The synergistic effect of DNA nanostructures and CRISPR/Cas system for cancer diagnosis and treatment.

Cancer remains one of the most formidable global public health challenges, exerting a profound and detrimental impact on human health. Despite substantial advancements in cancer research, the escalating incidence and mortality rates underscore the persistent and growing burden on global healthcare systems. The Clustered Regularly Interspaced Short Palindromic Repeats (CRISPR)/Cas system, heralded as a revolutionary gene-editing tool, holds immense promise for cancer treatment. However, its efficacy is critically contingent upon developing efficient delivery strategies. DNA nanocarriers, characterized by their programmability, sequence specificity, and design flexibility, emerge as a highly effective vehicle for delivering the CRISPR/Cas system, facilitating the precise transportation of gene-editing tools to the cell nucleus. The integration of DNA nanocarriers with CRISPR/Cas technology provides a new paradigm for precise and controllable gene editing. Through programmable spatial assembly, DNA nanocarriers can protect Cas9 ribonucleoprotein complexs (RNPs), facilitate endosomal escape, and co-localize donor DNA to promote homology-directed repair.
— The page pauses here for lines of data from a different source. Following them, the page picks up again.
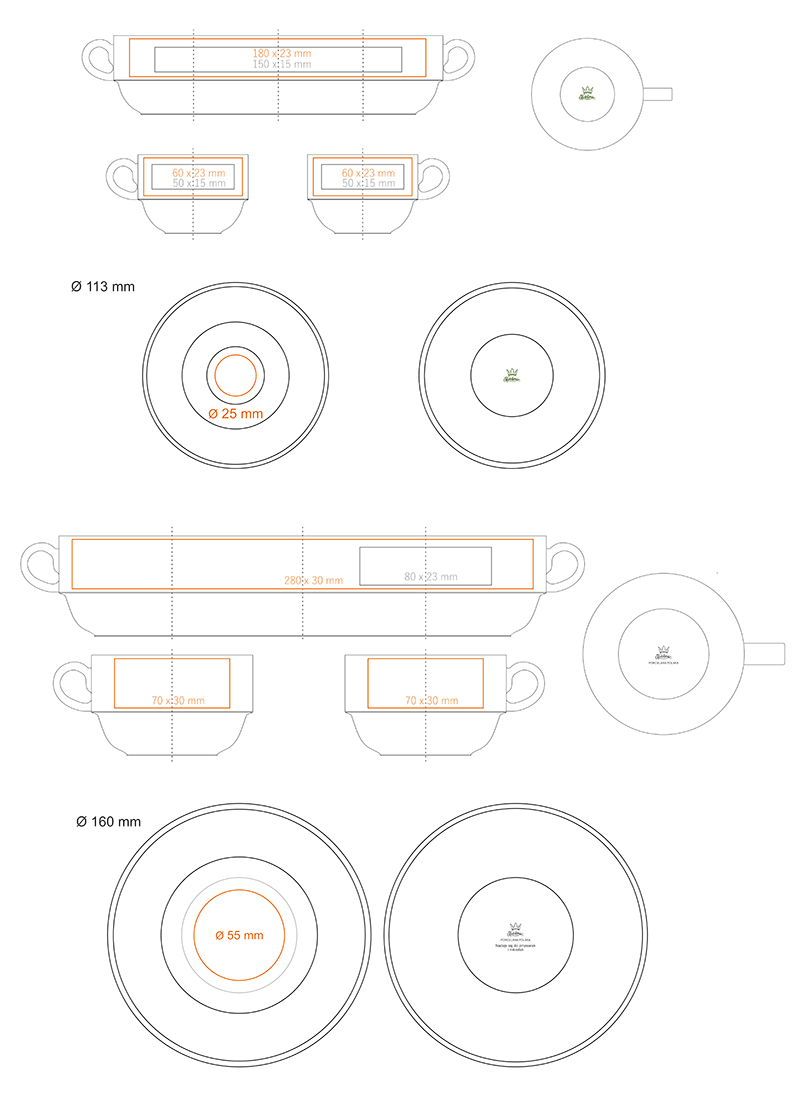 Available adornment technologies for BISTRO SET: * (80 / 260 ml)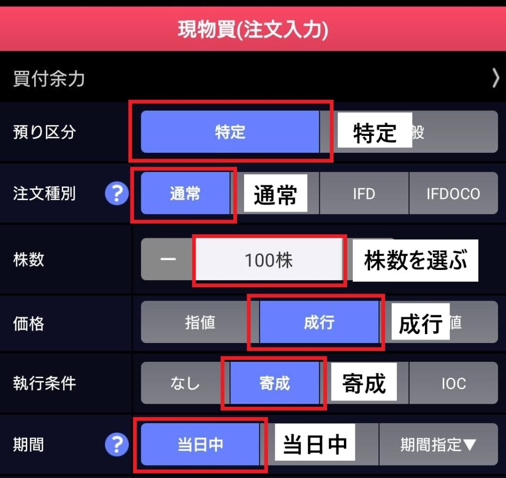 続いて現物を注文します。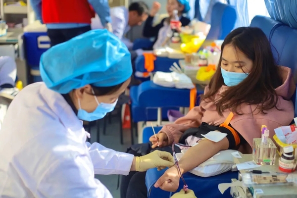今年,突如其来的新冠疫情打乱了社会的常态秩序,人们的出行被限制导致无偿献血的采血形势严峻。“关键时候,血就是命”,疫情延迟的每一天都是对生命的消耗,由此更加凸显血液对于临床的重要性。目前我国疫情已得到了良好控制,为了能够帮助到有需要的患者,开展无偿献血活动十分必要。每学年校团委都会联合江苏省血液中心举行献血车进校园活动,2018年献血人数共计908人次,全血总量达230450cc;2019年献血人数共计769人次,全血总量达228500cc。2020上半年疫情原因未进行献血活动,下半年献血人数共计604人,全血总量达185300cc。

These synergistic effects bridge molecular programmability and genetic functionality, paving the way for safer and more efficient genome engineering. This review aims to evaluate the application of DNA nanocarriers in cancer diagnosis comprehensively and to explore their potential utility in cancer therapy when combined with the CRISPR/Cas system, offering novel insights and significant scientific contributions to the field.